2011 has been a year when PR agencies have finally rallied against the exploitation of the use of work placement people and interns on a freebie basis. Many have joined the PRCA in condemning the use of what amounts to slave labour and instead pledged to pay trainees a reasonable, albeit minimal, wage for something that benefits (or should benefit) both agencies and job-hunters.
2012 is a year when we should be going further as an industry. Yes it is likely to be a very bleak year. Yes profits will be thin at best for a lot of agencies. But equally, agencies need to stop propping up pressured profit lines by applying work experience people and interns to doing work that should really be done by an experienced staffer.

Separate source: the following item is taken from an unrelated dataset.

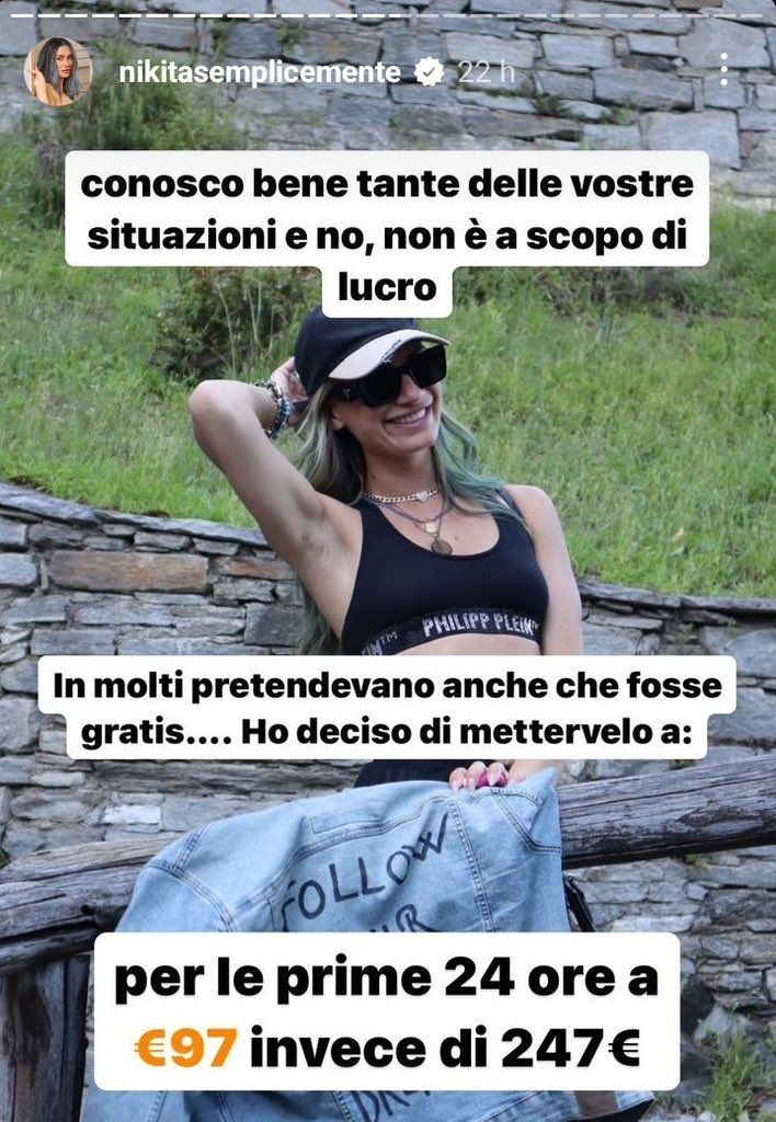 In un post del 22 settembre scorso, l’influencer scrive: “Riceverete sconti speciali del 10% su tutti i prodotti del mio shop per motivarvi con le stesse metodologie che mi hanno aiutata a uscire dalla depressione, insoddisfazione, apatia, attacchi di ansia, smarrimento“. In questo modo, Nikita stessa crea un collegamento tra patologie come ansia e depressione e l’esperienza che promette di mettere al servizio di chi acquista il suo corso video.
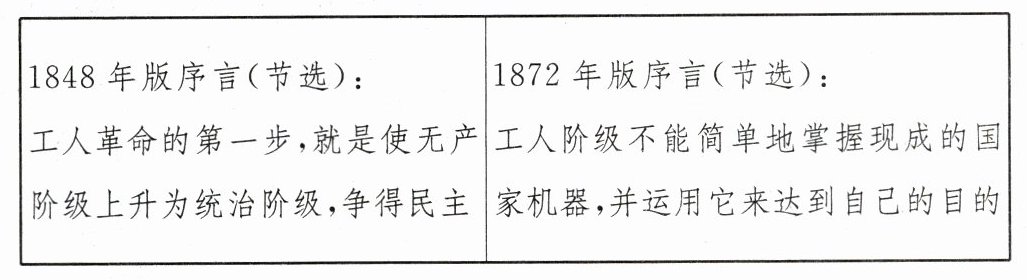 10. 如图所示是《共产党宣言》两个时期的不同版本的序言。《共产党宣言》的修改表明(

Even if we’re paying people rather than convincing them to work for free, it doesn’t mean we should be reliant on them for delivering client work.
PR is hardly alone in this regard. Many another marketing sector has relied on what amounts to very cheap if not unpaid labour to shore up its flabby nether regions.
And many PR agencies may deny that they do this. Even so, I write this on an early Monday afternoon and have already read three CVs today from would-be account execs who, despite the inevitable artistic licence, have been doing things during work experience stints at agencies that are if not account manager tasks then certainly senior account executive level. They require expertise, some experience and most of all judgement, and it’s unfair for someone other than a regular member of a team or a more experienced freelancer to be put in that position.
It’s great to expose trainees to work at the coalface. We should absolutely continue with work experience schemes, internships and apprenticeships that teach people things which they can realistically only ever learn on the job. But there is a line to be drawn between beneficial experience and passing too much of the work to someone who’s frankly out of their depth without armbands. It’s a risk for clients, and so a risk for agencies, and from what I’ve heard recently too many continue to play with fire.
In the meantime I shall plot some New Year’s Resolutions of my own. Proofreading my posts better, going easier on the points of contention and cheering the f*ck up up might be good ones to start with.

  • http://www.prsa.org/ Keith Trivitt

    Well said, Steve. The ethical use of interns is an issue that the global public relations profession, and indeed, much of the global business community, must address more vigorously in 2012. Certainly, the effort by the PRCA on this matter is admirable, as are other, more specific initiatives initiated by individual PR firms and in-house comms teams to stop hiring unpaid interns.

    Here in the US, we at the Public Relations Society of America have been equally exploring this growing issue.
    Earlier this year, we issued an update to our Code of Ethics (http://ow.ly/874tq), making it clear our belief that it is unethical to not provide some type of compensation — whether monetary or through college credit — to interns. We have further addressed this issue in a series of commentary pieces, including a letter to the editor of The New York Times (http://bit.ly/vVvZWN), imploring the American business community to take a hard look at this matter and to take steps to eradicate the use of unpaid interns.

    As we said in that NYT letter to the editor, we have a responsibility to prepare the next generation of professionals for more prosperous career prospects than ours. Hopefully, commentary such as yours will engender a more rigorous discussion with the profession that achieves this goal.